In response to the farm financial downturn of the early 1980s, Congress added chapter 12 to the Bankruptcy Code in 1986. It has special provisions for farmers compared with other bankruptcy chapters, strengthening farmers' bargaining position with creditors. Chapter 12 is more about reorganization of debt than bankruptcy because it allows secured debts to be written down to the fair-market value of the collateral and repaid at lower interest rates over extended periods. Chapter 12 is seen by many as a policy response to the social stigma attached to family farm failures during the Great Depression. It gives struggling farmers another chance to reorganize and repay their debts, rather than forcing them into liquidation and off the farm.

Chapter 12 has succeeded in keeping some farmers in business and has encouraged informal lender-farmer settlements out of court. But it has increased costs on society by encouraging inefficient farmers who would otherwise liquidate to remain in business, and allowing efficient farmers who could otherwise continue to farm to charge off part of their debts. Bankruptcy costs include the legal fees of liquidation or reorganization, and efficiency costs from continuing to use labor and capital in otherwise inefficient enterprises.

Policy Issues for Congress

Acquisition of Farm Credit Services of America by Rabobank.
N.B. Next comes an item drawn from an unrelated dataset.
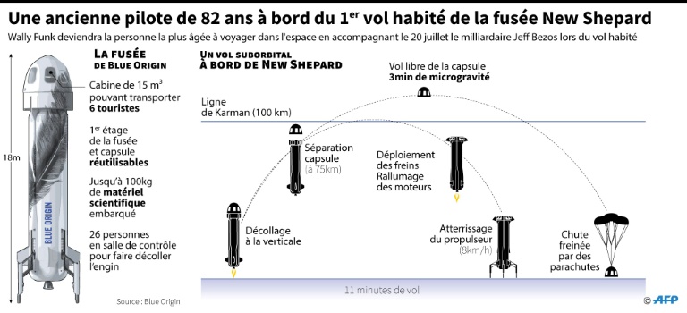 Le milliardaire Jeff Bezos l'a choisie pour embarquer à ses côtés à bord du premier vol habité de sa société spatiale, Blue Origin, prévu le 20 juillet. A 82 ans, cette boule d'énergie aux cheveux courts argentés deviendra du même coup la personne la plus âgée à voyager dans l'espace.

On July 30, 2004, Farm Credit Services of America (FCSA), an association the Farm Credit System (the "system"), accepted an offer to be purchased by Rabobank. FCSA serves Iowa, Nebraska, South Dakota, and Wyoming. Rabobank is a private Dutch banking cooperative with a long history of agricultural lending in the Netherlands, and has made recent smaller moves into farm-level lending in the United States.

This type of buyout of a Farm Credit System institution by a private entity is unprecedented, but allowed under statute (12 U.S.C. 2279d) and regulations (12 C.F.R. 611.1200-1290) of the Farm Credit Act.
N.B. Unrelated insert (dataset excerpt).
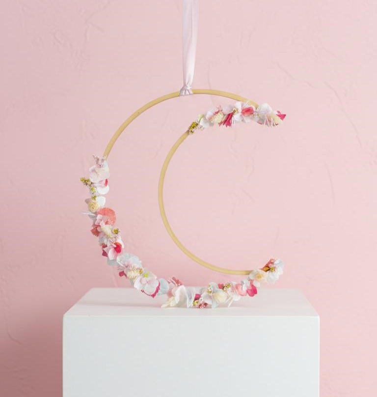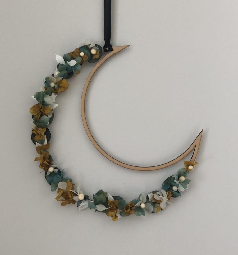 Luna hecha a mano con flores preservadas.

If the offer is approved, FCSA would give up its affiliation with the system. Rabobank would buy the stock of the farmer shareholders for $600 million and pay the system's insurance fund an "exit fee" estimated at $800 million. The FCA approval process, stock holder votes, and waiting periods are expected to take at least seven months. FCA would issue new lending charters for the region if FCSA leaves the system.

Congress may become interested in the buyout, especially given concerns by some farmers over the future of the Farm Credit System generally and in the FCSA region. The Farm Credit Council, the system's lobbying arm, opposes the acquisition. The American Bankers Association asserts that the buyout weakens the system's mission.

For more information, see CRS Report RS21919(pdf), Leaving the Farm Credit System: The Future of Farm Credit Services of America.

Chapter 12 Extension. Chapter 12 expired on January 1, 2004, and its renewal is now captured in the debate between the House and Senate over bankruptcy reform, even though the Chapter 12 provisions are not controversial.

Congress has been considering comprehensive bankruptcy reform for several years. H.R. 975 (passed on March 19, 2003) addresses consumer bankruptcy, small business bankruptcy, and Chapter 12 (see CRS Report RL31783). But the Senate has not yet considered the bill during the 108th Congress. For Chapter 12, H.R. 975 would make the law permanent, expand eligibility by raising the debt limit from $1.5 million to $3.237 million, require only 50% (instead 80%) of debt to come from the farming operation, allow the requirement for 50% of income to be from farming to apply to one of three years preceding filing instead of just the immediately preceding year, and extend benefits to family fishermen. H.R. 975 is very similar to bills passed by both the House and Senate during the 107th Congress (H.R. 333), but omits the Schumer Amendment which prevents discharge of liability for wilful violation of protective orders and violent protests, including those against reproductive health services.

To keep Chapter 12 active, the Senate passed a bill (S. 1920) by unanimous consent on November 25, 2003, to extend Chapter 12 another six months (until July 1, 2004). Two House bills (H.R. 3540 and H.R. 3542) were introduced to extend Chapter 12 (by one year and six months, respectively), but no action was taken before the first session ended, and thus Chapter 12 expired on January 1, 2004.

On January 28, 2004, the House took up S. 1920 with an amendment in the nature of a substitute consisting of the text of H.R. 975, including an amendment to make Chapter 12 retroactive to January 1, 2004. This version passed the House by a vote of 265-99, and House conferees were appointed. The Senate has not taken action for a conference committee.

Background on Chapter 12 Sunsets. When Chapter 12 was enacted in 1986, it contained a sunset provision of October 1, 1993. Congress subsequently has renewed the law ten times with temporary extensions (for a list, see the appendix to a USDA report). The most recent renewal, P.L. 108-73, enacted on August 15, 2003, retroactively extended chapter 12 for six months (until January 1, 2004). The law had expired on July 1, 2003, following a six-month extension from the beginning of the year (P.L. 107-377). Although such extensions usually have been enacted without significant opposition, such frequent sunset dates create uncertainty for producers and lenders, especially when the provision expires without action to extend the law.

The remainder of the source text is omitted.